Creating a Linux ramdisk

While performing some testing a few weeks ago, I needed to create a ramdisk on one of my redhat AS 4.0 servers. I knew Solaris supported tmpfs, and after a bit of googling was surprised to find that Linux supported the tmpfs pseudo-file system as well. To create a ramdisk on a Linux host, you first need to find a suitable place to mount the tmpfs file system. For my tests, I used mkdir to create a directory valled /var/ramdisk:

$ mkdir /var/ramdisk

Once the mount point is identified, you can use the mount command to mount a tmpfs file system on top of that mount point:

$ mount -t tmpfs none /var/ramdisk -o size=28m

Now each time you access /var/ramdisk, your reads and writes will be coming directly from memory. Nice!

4 Comments

David  on July 13th, 2007

Heya,

Every played with the upper limit on ram disks?
A while ago I playe daorund:

http://www.quadratic.net/reference/ramdisk500.html

JWSmythe  on May 21st, 2009

I don’t know what the upper limit is on it. I just created a 20Gb ramdisk on my 64 bit Linux machine (Slamd64). Copying a 1Gb file on the ramdisk took about 2 seconds. Copying the same file on a RAID0 took 13 seconds.
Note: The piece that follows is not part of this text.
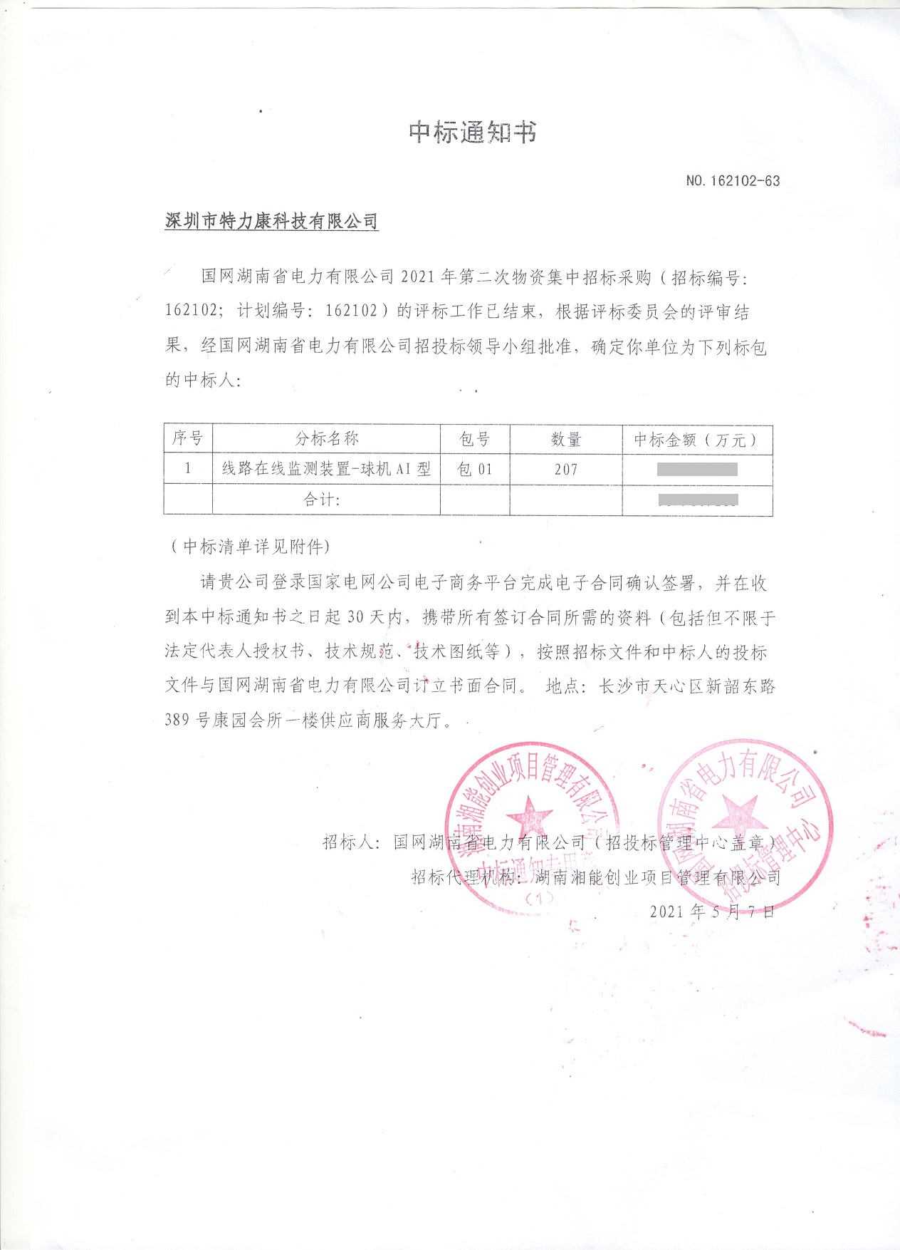 國網(wǎng)湖南省電力有限公司2021年第二次物資集中招標(biāo)采購(招標(biāo)編號(hào):162102;計(jì)劃編號(hào): 162102) 的評標(biāo)工作已結(jié)束,根據(jù)評標(biāo)委員會(huì)的評審結(jié)果,經(jīng)國網(wǎng)湖南省電力有限公司招投標(biāo)領(lǐng)導(dǎo)小組批準(zhǔn),確定我司為線路在線監(jiān)測裝置-球機(jī)AI型標(biāo)包的中標(biāo)人,中標(biāo)通知如下:

krzemek  on October 3rd, 2010

Thanks mate for this. It’s very useful for me

George Mulak  on September 17th, 2011

I appreciate this a lot. I am having a little problem, though. I cannot seem to just erase a file in fedora. I throw it into the trash and the space is still allocated and used. How do I release or clear the space so that it is usable again?